Factoring A difference of fifths

[PhysicsAdvice]

One of the homework questions i did tonight was (x^5-32)/(x-2), where i had to find the limit when x approaches two. In order to do this i looked up the formula to use for a difference of fifths and was able to solve the question by factoring out the denominator and putting two in for x, giving me an answer of 80.

I am wondering if there is a much simpler way of solving this which i foolishly missed as we are definitely not expected to know the formula for a difference of fifths and I'm not sure it is easily derived. If anyone can spot one or argue that there isn't one that would be great! :)

 

[Hurkyl]

One of the homework questions i did tonight was (x^5-32)/(x-2), where i had to find the limit when x approaches two.
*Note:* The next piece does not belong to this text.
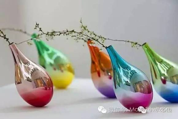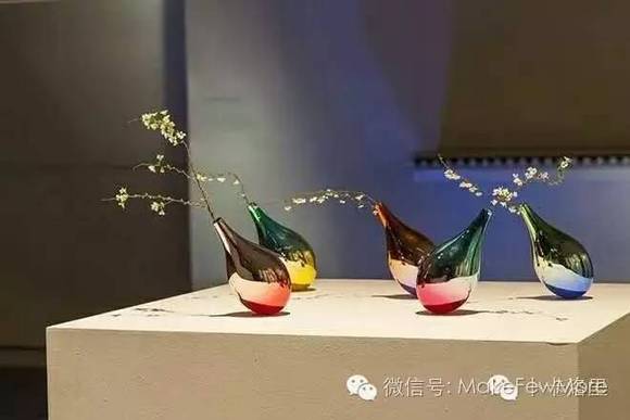 水滴形状的花器,由钢材制作而成,表层镜面的渐变色设计足够吸引眼球。但这套花器的特点远不止于此,由于地心引力的作用,不受外力作用下的花瓶可以稳稳得直立,一旦插上花枝,便会随着花枝延伸方向自然倾斜,随着花瓣的凋零,甚至会有小幅度的摇摆。

In order to do this i looked up the formula to use for a difference of fifths and was able to solve the question by factoring out the denominator and putting two in for x, giving me an answer of 80.

I am wondering if there is a much simpler way of solving this which i foolishly missed as we are definitely not expected to know the formula for a difference of fifths and I'm not sure it is easily derived. If anyone can spot one or argue that there isn't one that would be great! :)
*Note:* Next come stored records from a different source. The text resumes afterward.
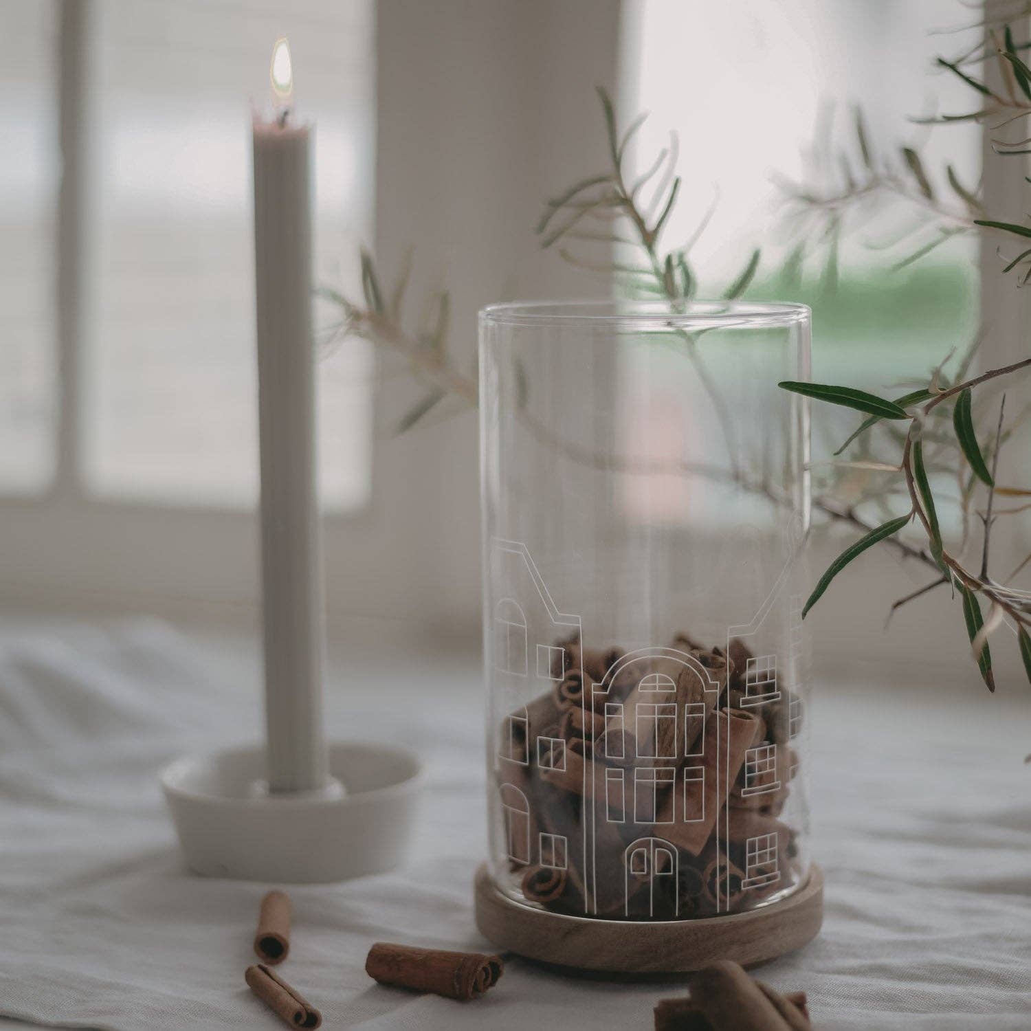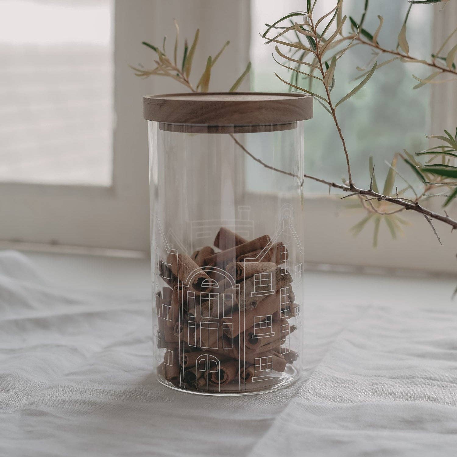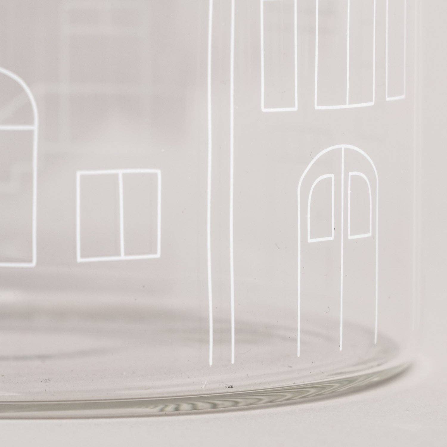 Dieses elegante Glas aus robustem Borosilikatglas ist mit liebevoll handgezeichneten Häusern verziert. Es eignet sich perfekt, um eine Blockkerze drinnen zu platzieren und so auf dem Adventskaffeetisch eine gemütliche Atmosphäre zu schaffen. Das Glas ist ebenfalls hervorragend geeignet, um selbstgebackene Plätzchen zauberhaft aufzubewahren. Der Deckel aus unbehandeltem Akazienholz, versehen mit Logo und dem Motto "Konfetti für die Seele", macht jedes Glas zu einem Unikat. Der Silikonring sorgt für ein luftdichtes Verschließen, sodass deine Leckereien frisch bleiben. Unsere Vorratsgläser sind spülmaschinenfest und zu 100% recyclebar, was sie nicht nur stilvoll, sondern auch nachhaltig macht. Dieses Glas bringt festliche Stimmung und Freude in dein Zuhause! Maße: Höhe: 19 cm Durchmesser inkl. Deckel: 11 cm Durchmesser Glas: 10 cm Füllmengen: Volum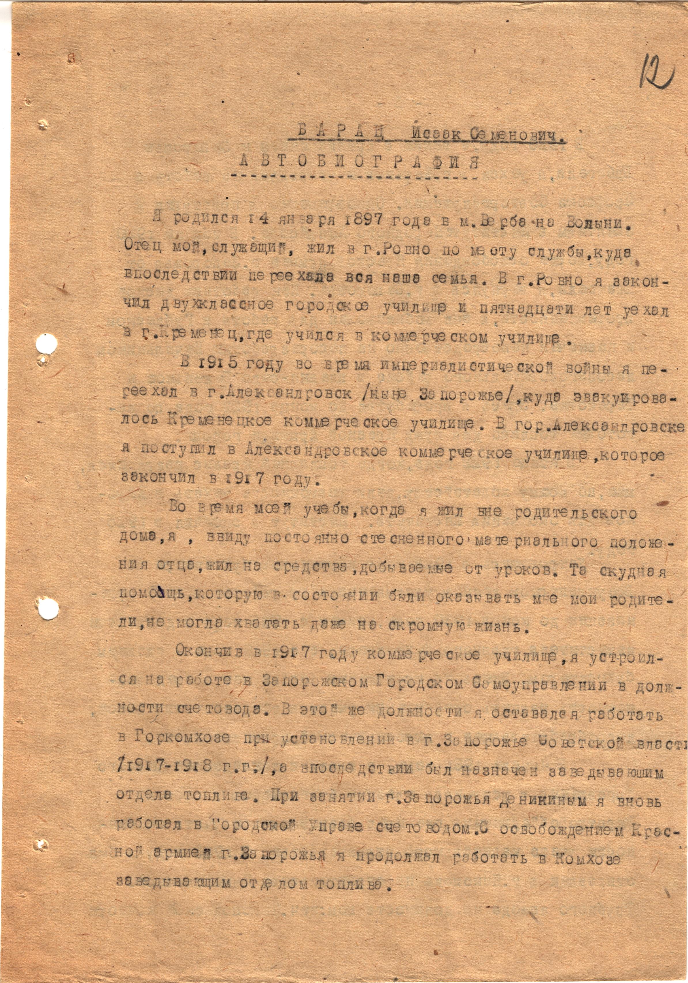 Исаак Семенович Барац родился в местечке Верба на Украине в бедной и многодетной еврейской семье. До 15 лет жил с семьей в г. Ровно. Потом учился в Коммерческом училище в г. Кременце, в 1917 г. закончил Коммерческое училище в г. Александровске (Запорожье). В 1920–1925 гг. учился в Институте народного хозяйства в Харькове. В 1923–1933 гг. работал бухгалтером во Всеукраинском лесном управлении и в разных трестах. Параллельно с 1927 г. преподавал. С 1933 г. целиком посвятил себя научно-педагогической деятельности. Кандидат экономических наук, заведовал кафедрой, был деканом факультета в Харьковском инженерно-экономическом институте. Отец двоих сыновей. Воспоминания «Пути-дороги» (в трех частях) о своей юности, адресованные брату и сестре, писал в 1970-х гг.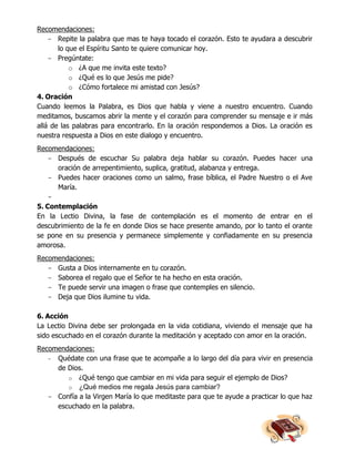 Este documento describe la Lectio Divina como una experiencia espiritual de encuentro con Dios a través de la lectura de la Biblia. Siguiendo un esquema de invocación, lectura, meditación, oración, contemplación y acción, la Lectio Divina busca que la persona se deje interpelar personalmente por la Palabra de Dios y responda a través de la oración y cambios en la vida cotidiana.

L'hôpital's rule is probably the easiest.

Doing the polynomial division is a close second, I think.

 

[PhysicsAdvice]

having not learned derivatives yet i suppose the method i indicated is the most suitable then?

 

[HallsofIvy]

It is generally true that $x^n- y^n= (x- y)(x^{n-1}+ x^{n-2}y+ \cdot\cdot\cdot+ xy^{n-2}+ y^{n-1})$.
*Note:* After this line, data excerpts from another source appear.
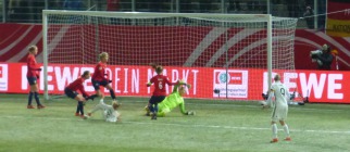 Torabschluss ging in der 90. Spielminute nur knapp am rechten Pfosten vorbei. Die Wolfsburgerin Peter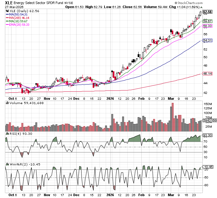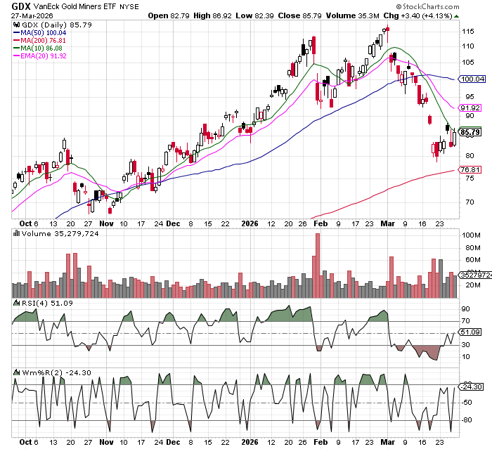 Gold and silver miners were the strength on Friday. Still like them here, but any long term disruption to oil prices will impact their bottom line. May eventually need to shift to the actual metals if this continues…..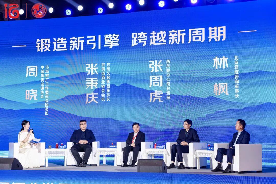 在“锻造新引擎,跨越新周期”圆桌论坛中,与中国酒类流通协会市场推广专业委员会秘书长周晓,甘肃省酒业协会会长、甘肃义顺集团董事长张秉庆,西凤股份公司总经理张周虎及北京君度卓越咨询董事长林枫共同围绕行业新周期特征与破局路径对话。聚焦品质守正,持续文化赋能,推动创新营销,为西凤酒的高质量发展乃至整个白酒行业增添更多的活力和内涵。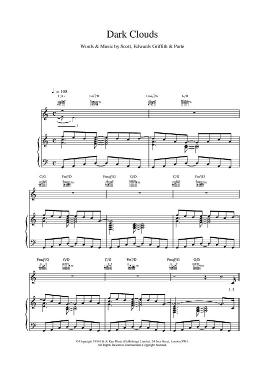 Digital Sheet Music for Dark Clouds by Space scored for Piano/Vocal/Chords; id:376298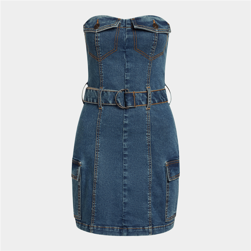 It's denim or nothin' over here yo, denim stretch fabric, belt loops and a cute belt, cargo pockets and most of all a super sexy mini bandeau design. All packaged into one must-have season item! Literal chills ya'll.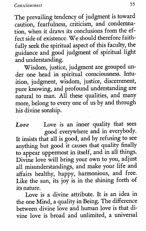 Wisdom, justice, judgment are grouped under one head in spiritual consciousness. Intuition, judgment, wisdom, justice, discernment, pure knowing, and profound understanding are natural to man. All these qualities, and many more, belong to every one of us by and through his divine sonship.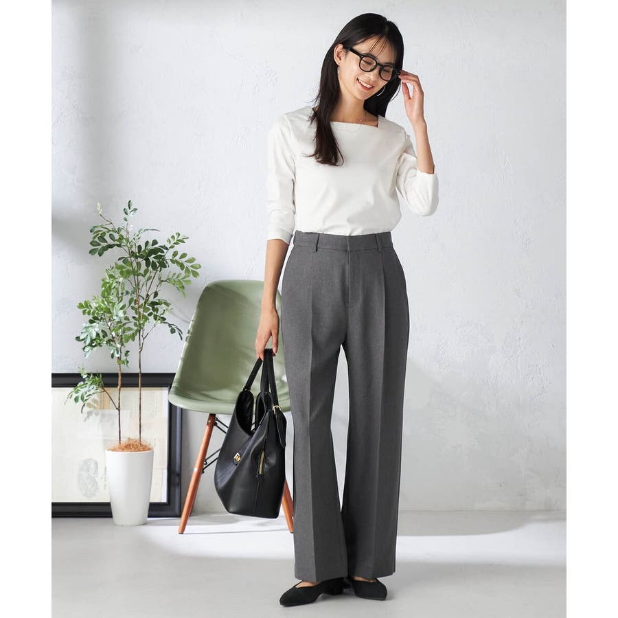 【洗える/イージーケア/吸水速乾/ストレッチ】梳毛調ストレートパンツ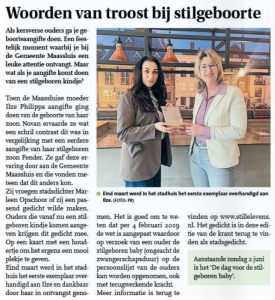 Eind maart werd in het stadhuis het eerste exemplaar overhandigd aan Ilze en dankbaar door haar in ontvangst genomen. Het is goed om te weten dat per 4 februari 2019 de wet is aangepast waardoor op verzoek van een ouder de stilgeboren baby (ongeacht de zwangerschapsduur) op de persoonslijst van de ouders kan worden opgenomen, ook met terugwerkende kracht. Meer informatie is terug te vinden op www.stillelevens.nl.
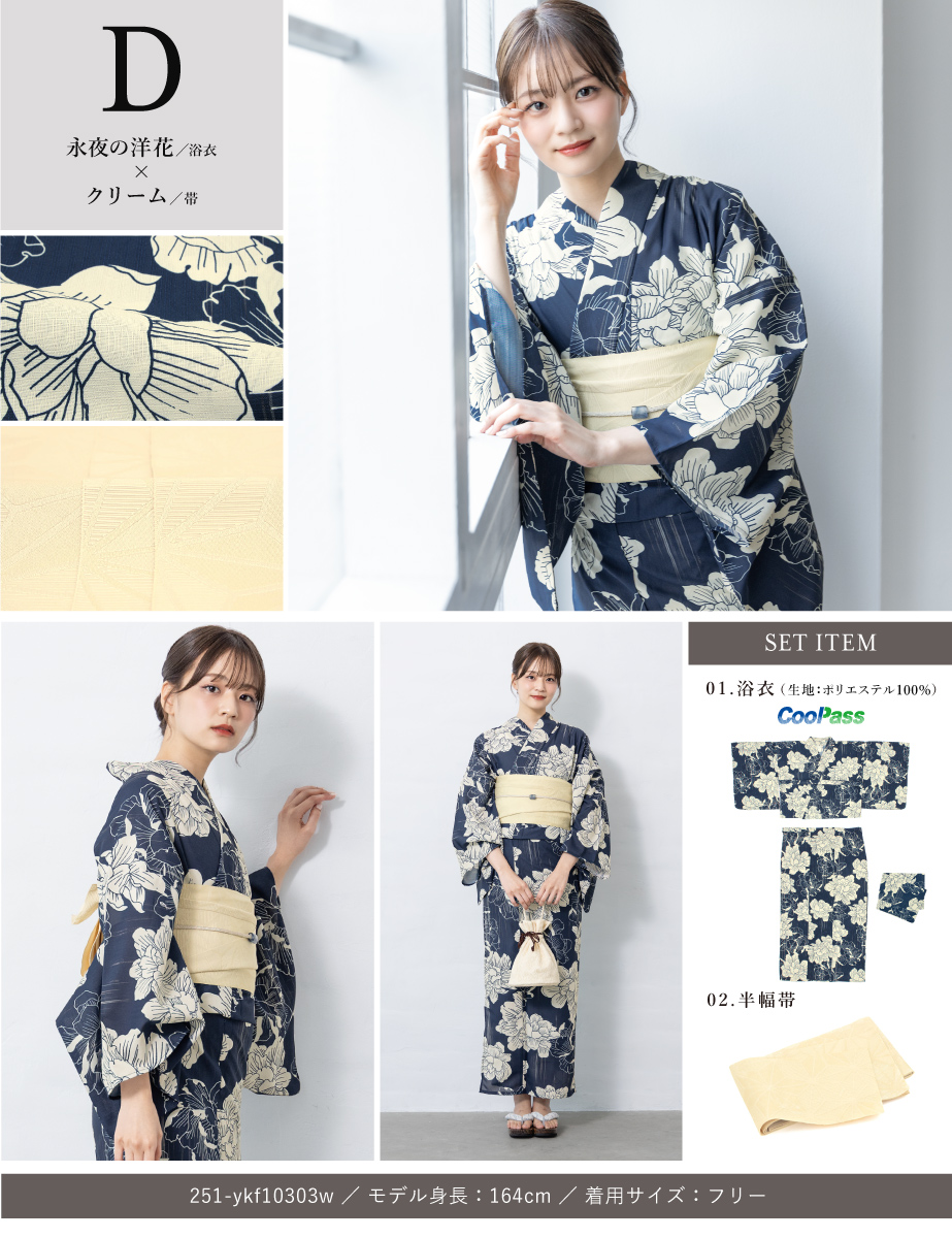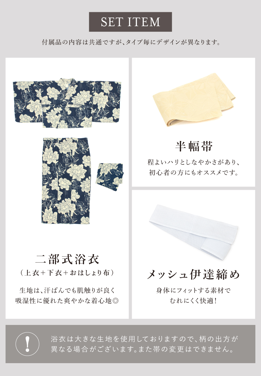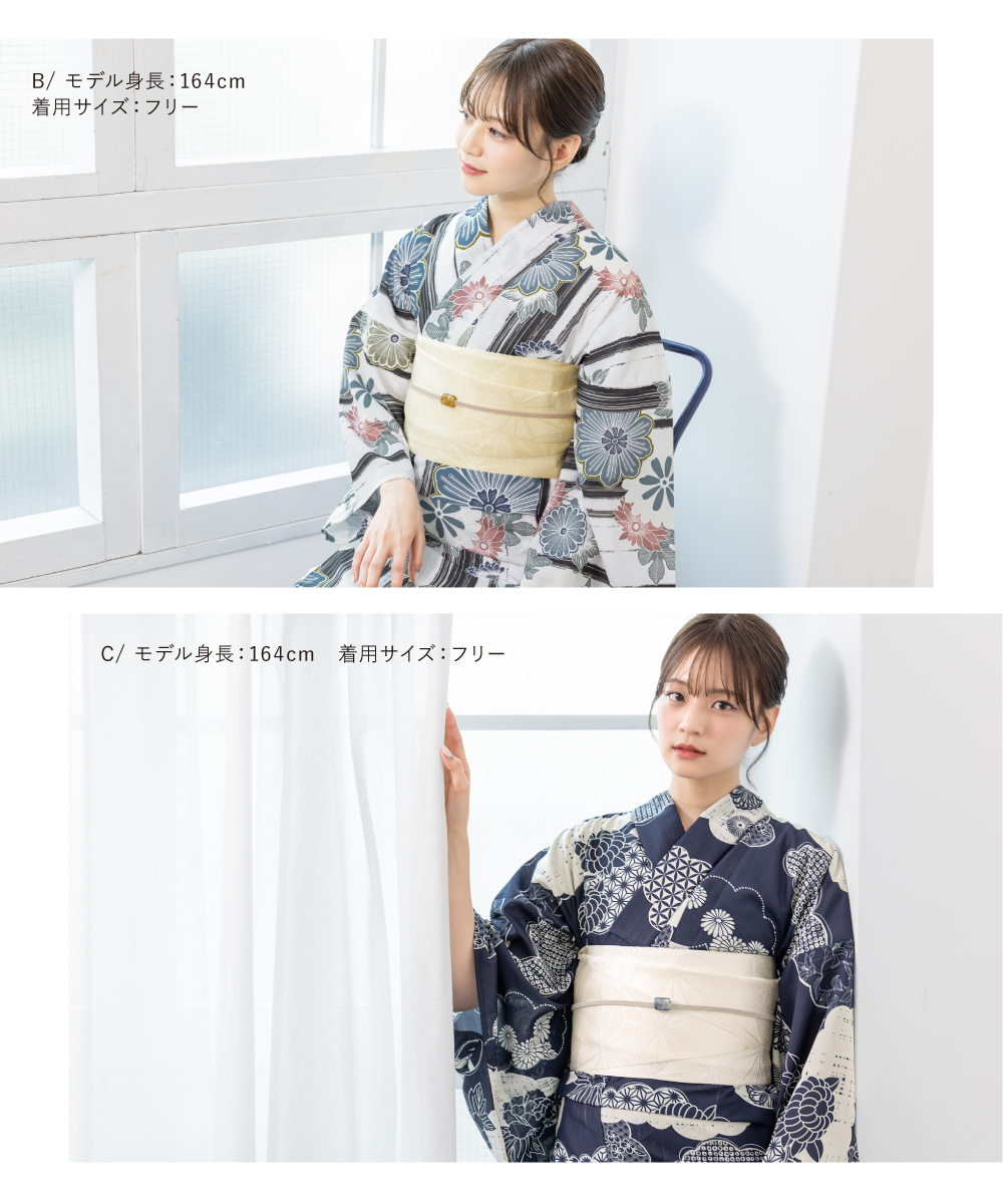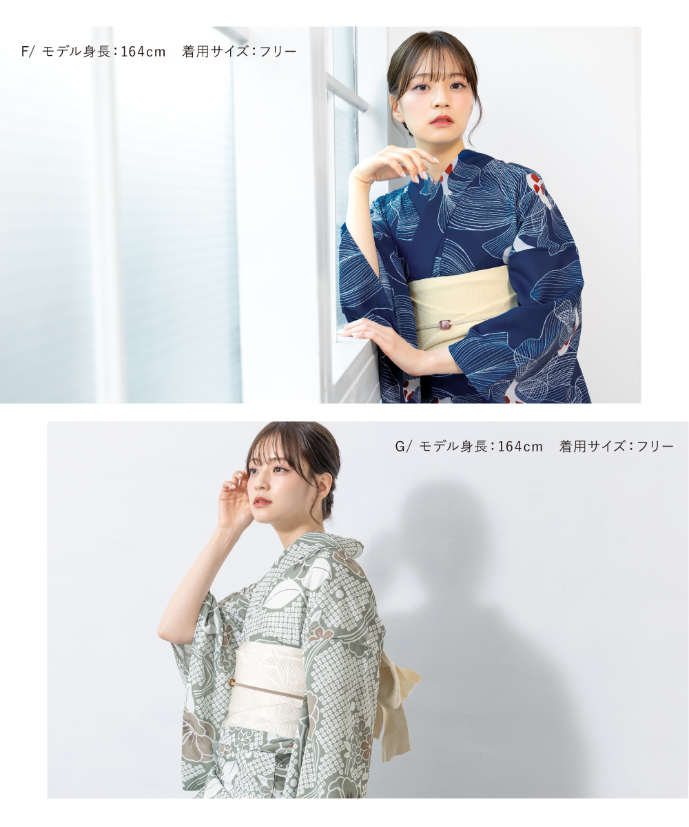 ※製造の都合上、浴衣とおはしょり布の色味が若干異なる場合があります。

That seems the best method to me. You should not have to "look it up".

 

[CellCoree]

Great job on solving the problem! It seems like you used the correct method by factoring out the denominator and then plugging in the value for x. This is a common method for solving limits involving polynomials. As for a simpler way, it really depends on the level of math you are currently studying. If you are just starting to learn about limits, then this method is appropriate. However, if you are more advanced and have learned about derivatives, you could use L'Hopital's rule to solve this limit. This rule allows you to take the derivative of both the numerator and denominator and then plug in the value for x. In this case, you would have to use the power rule to take the derivative of x^5 and then evaluate it at x=2. This would give you the same answer of 80. So, while there may be alternative methods of solving this limit, the method you used is perfectly valid and appropriate for your current level of math understanding. Keep up the good work!